Monthly Observer’s Challenge
Compiled by:
Roger Ivester, North Carolina
&
Sue French, New York
June 2021
NGC 5746, Galaxy in Virgo
Sharing Observations and Bringing Amateur Astronomer’s Together
MONTHLY OBSERVER’S CHALLENGE
june-2021-observers-challenge-_ngc-5746Download
This month’s target
William Herschel discovered NGC 5746 on 24 February 1786 with his 18.7-inch reflector. His handwritten journal reads:” Extremely bright, much extended in the parallel, 8 or 9 arcminutes long, bright nucleus.”
A recent study by John Kormendy and Ralf Bender in the Astrophysical Journal presents NGC 5746 as a structural analog of our own galaxy. Both are “are giant, SBb–SBbc galaxies with two pseudobulges, i.e., a compact, disky, star-forming pseudobulge embedded in a vertically thick, ‘red and dead,’ boxy pseudobulge that really is a bar seen almost end-on.” According to the authors, the lives of these galaxies have been dominated by minor mergers and bar-driven evolution for most of the history of the universe.
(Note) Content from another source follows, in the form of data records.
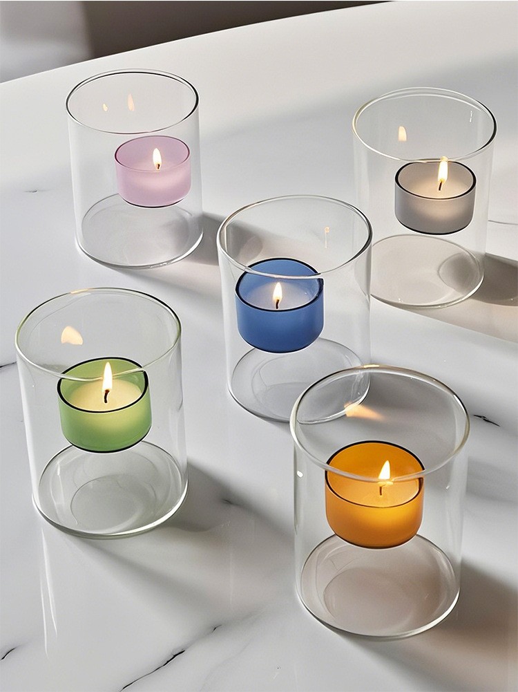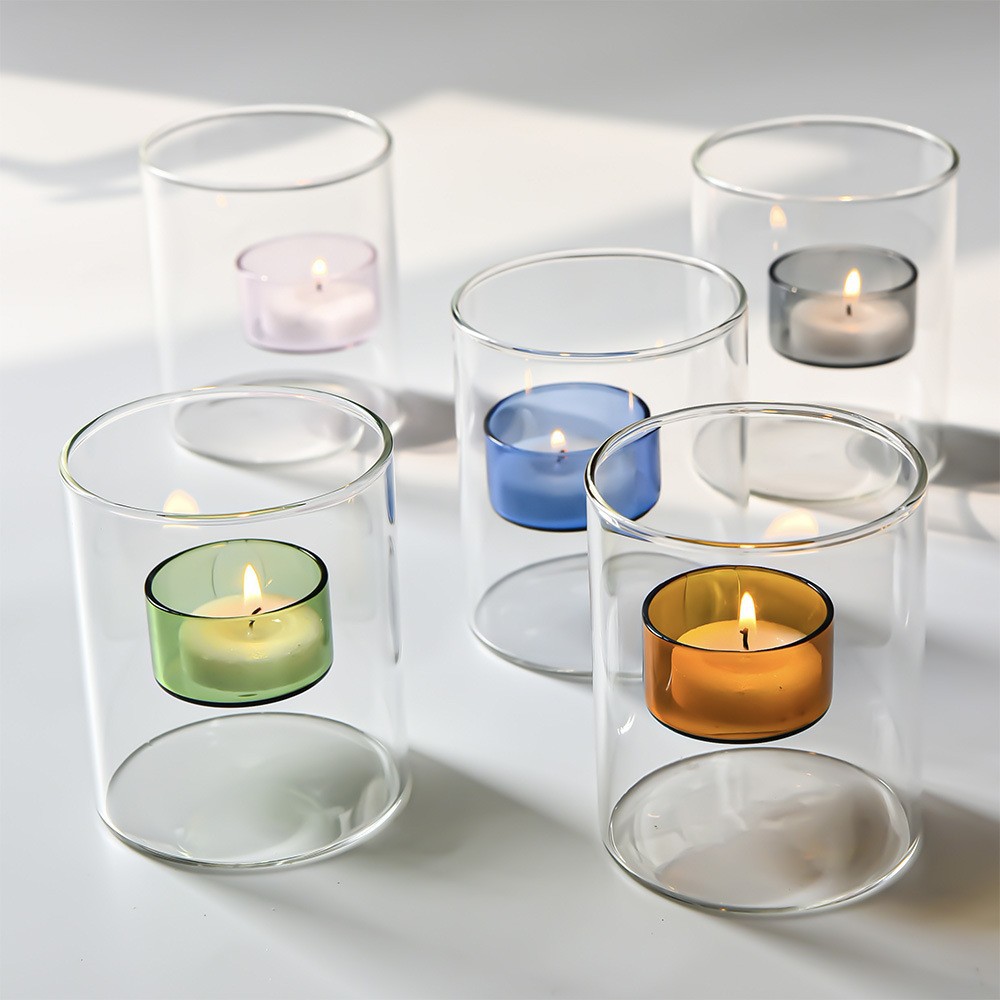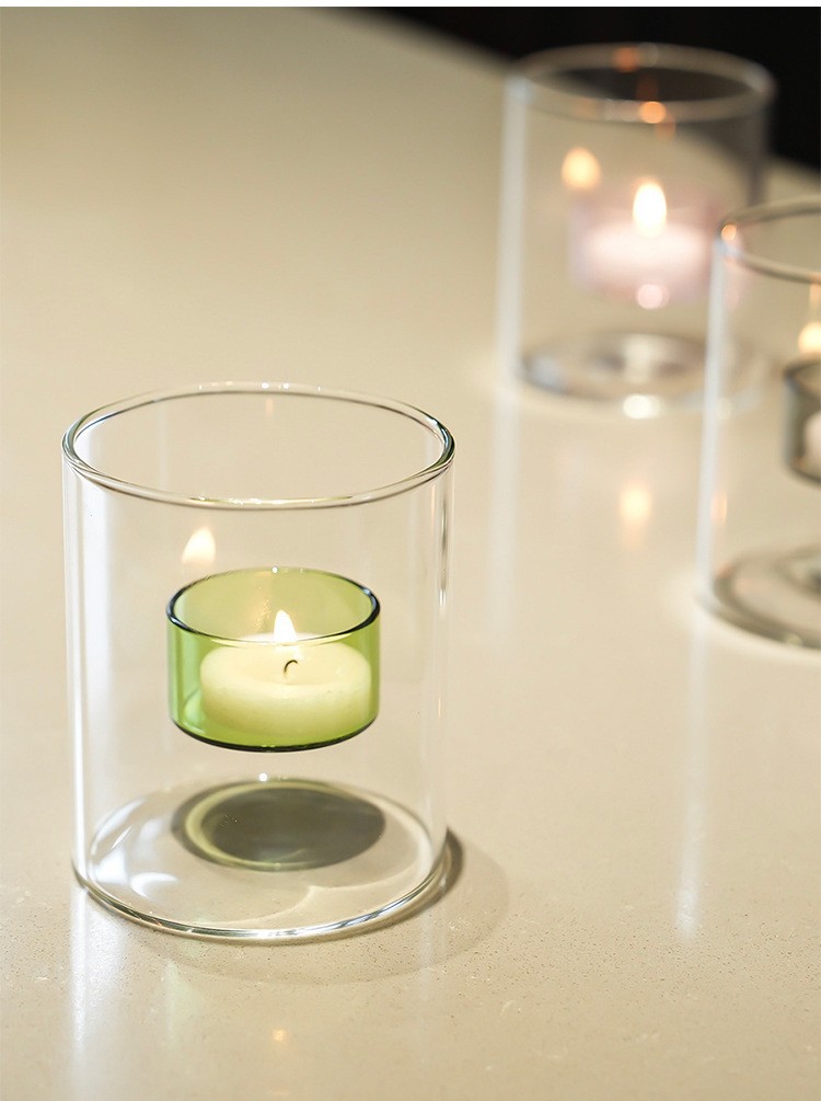 Креативная стеклянная чайная свеча в европейском стиле, центральный элемент, цилиндрический прозрачный подсвечник для чайной свечи, подходит для украшения центрального элемента стола
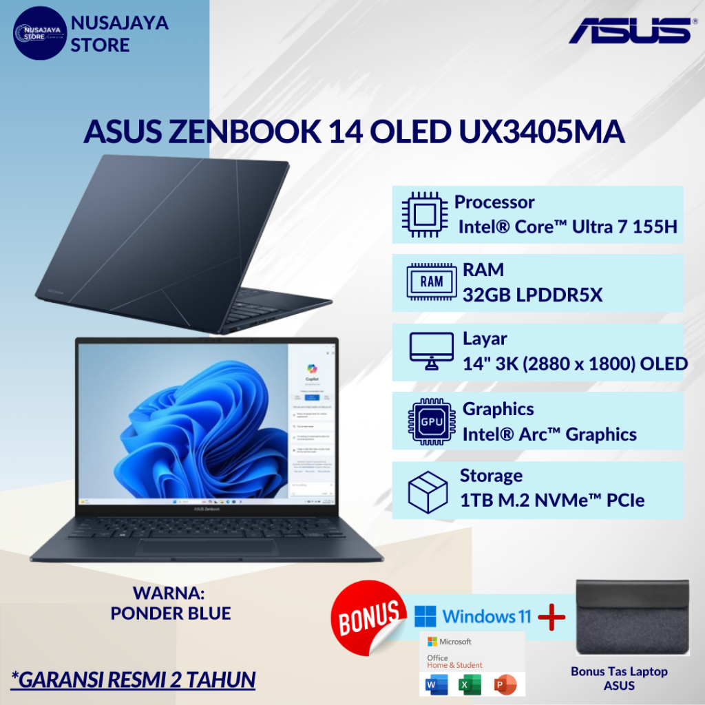 ASUS Zenbook 14 OLED UX3405MA Intel Ultra 7 155H 32G 1TB 14" 3K W11 OHS
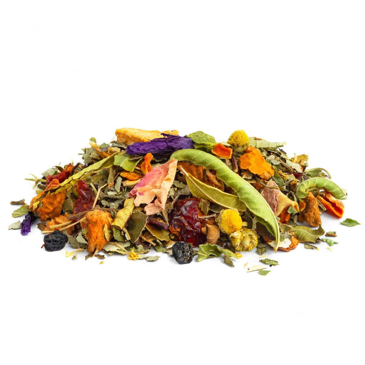 Ingredients: Apple, blackberry leaves, rose hip, carrot, balm, natural flavouring, verbena whole, elderberry (3%), elderflowers (3%), camomile, lemon myrtle, rose petals, meadowsweet, mallow.
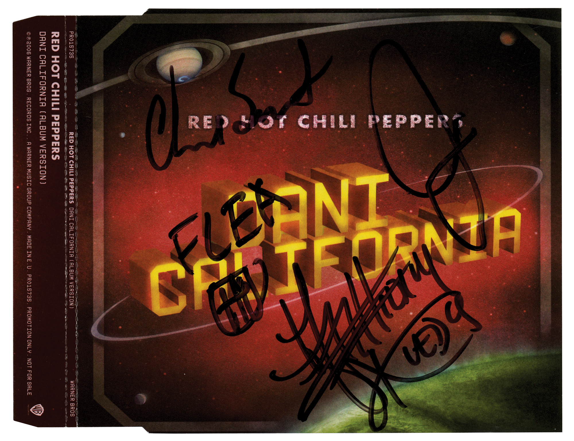 CD sleeve for the Red Hot Chili Peppers single ‘Dani California,’ signed in black felt tip by Anthony Kiedis, John Frusciante, Flea, and Chad Smith. In fine condition. The CD is not included.
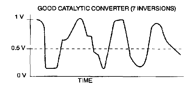 RATIO = 26 inversions (upstream HO2S inversions) + 7 inversions (downstream HO2S inversions) = 3.7 (good converter)
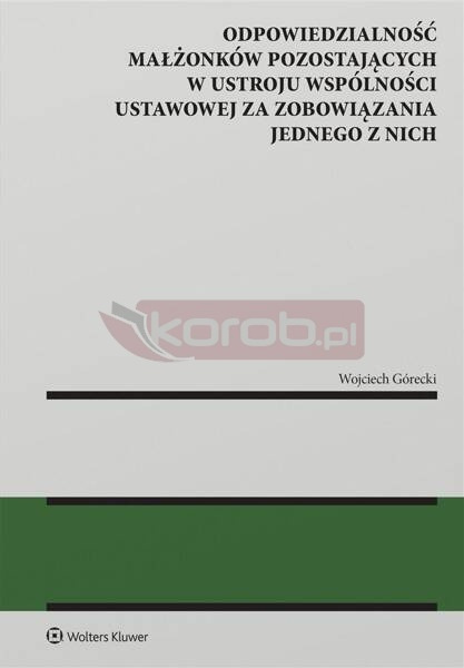 Opracowanie zawiera całościowe omówienie problematyki materialnoprawnej i egzekucyjnej dotyczącej odpowiedzialności małżonków pozostających w ustroju wspólności ustawowej za zobowiązania cywilnoprawne jednego z nich. W kompleksowy sposób przedstawia analizę regulacji materialnoprawnej tego zagadnienia zamieszczoną w art. 41 k.r.o. oraz kwestie proceduralne związane z realizacją w postępowaniu egzekucyjnym odpowiedzialności małżonków majątkiem wspólnym, w tym problem obrony małżonków przed egzekucją. Autor omawia istotne zagadnienia rzadko poruszane w literaturze przedmiotu, takie jak m. in.: status małżonka dłużnika jako osoby odpowiadającej za cudzy dług; odpowiedzialność małżonków za zobowiązania niepieniężne; stosowanie art. 41 k.r.o. w przypadkach zaspokojenia wierzyciela przez jednego z małżonków będącego dłużnikiem solidarnym; charakter prawny tzw. zgody fakultatywnej małżonka dłużnika: jej przedmiot i zakres, udzielanie w sposób dorozumiany i pod warunkiem, dopuszczalność udzielania przed powstaniem ustroju wspólności majątkowej między małżonkami, odwołanie zgody oraz dopuszczalność modyfikacji jej treści przez małżonka dłużnika; umowna modyfikacja treści kompetencji wierzyciela do żądania zaspokojenia z majątków małżonków. Rozważania zamieszczone w pracy mają nie tylko walor teoretyczny, lecz są także zorientowane na rozwiązywanie problemów praktycznych. Książka jest przeznaczona przede wszystkim dla sędziów, komorników, adwokatów i radców prawnych. Notariuszy mogą zainteresować fragmenty dotyczące poddania się egzekucji w akcie notarialnym przez małżonka będącego dłużnikiem oraz przez drugiego małżonka odpowiadającego wyłącznie majątkiem wspólnym za długi współmałżonka, a także udzielania przez małżonka dłużnika zgody, o której mowa w art. 41 par. 1 k.r.o., w tym m. in.: formy zgody, dopuszczalności zgody generalnej i rodzajowej oraz udzielania zgody pod warunkiem lub z zastrzeżeniem terminu.

They place NGC 5746 at a distance of 26.7 Mpc (87 million light-years). https://ui.adsabs.harvard.edu/#abs/2019ApJ…872..106K/abstract
NGC 5746’s V(V_T) visual magnitude is 10.32 ± 0.13, and its surface brightness is 12.6. The galaxy’s visible extent through medium-size amateur telescopes under dark skies is in the vicinity of 7.4′ × 1.3′.